* [To do] Repeat exactly, and only, the lines of the entries below from the one with "Горизонтальный крупный портрет" through the one with "1. Turn engine", both ends included.

* [Information given]
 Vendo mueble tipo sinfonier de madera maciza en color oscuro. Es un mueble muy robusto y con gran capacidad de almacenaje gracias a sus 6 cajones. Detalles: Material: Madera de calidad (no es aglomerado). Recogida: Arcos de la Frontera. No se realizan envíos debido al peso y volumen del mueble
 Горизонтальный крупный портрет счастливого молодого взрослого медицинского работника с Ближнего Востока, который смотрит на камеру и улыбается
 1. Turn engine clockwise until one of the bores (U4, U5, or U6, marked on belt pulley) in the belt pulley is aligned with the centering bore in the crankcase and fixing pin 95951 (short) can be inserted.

---

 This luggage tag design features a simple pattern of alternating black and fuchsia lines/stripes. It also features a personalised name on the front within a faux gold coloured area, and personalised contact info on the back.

* [Response to this exercise]
 Горизонтальный крупный портрет счастливого молодого взрослого медицинского работника с Ближнего Востока, который смотрит на камеру и улыбается
 1. Turn engine clockwise until one of the bores (U4, U5, or U6, marked on belt pulley) in the belt pulley is aligned with the centering bore in the crankcase and fixing pin 95951 (short) can be inserted.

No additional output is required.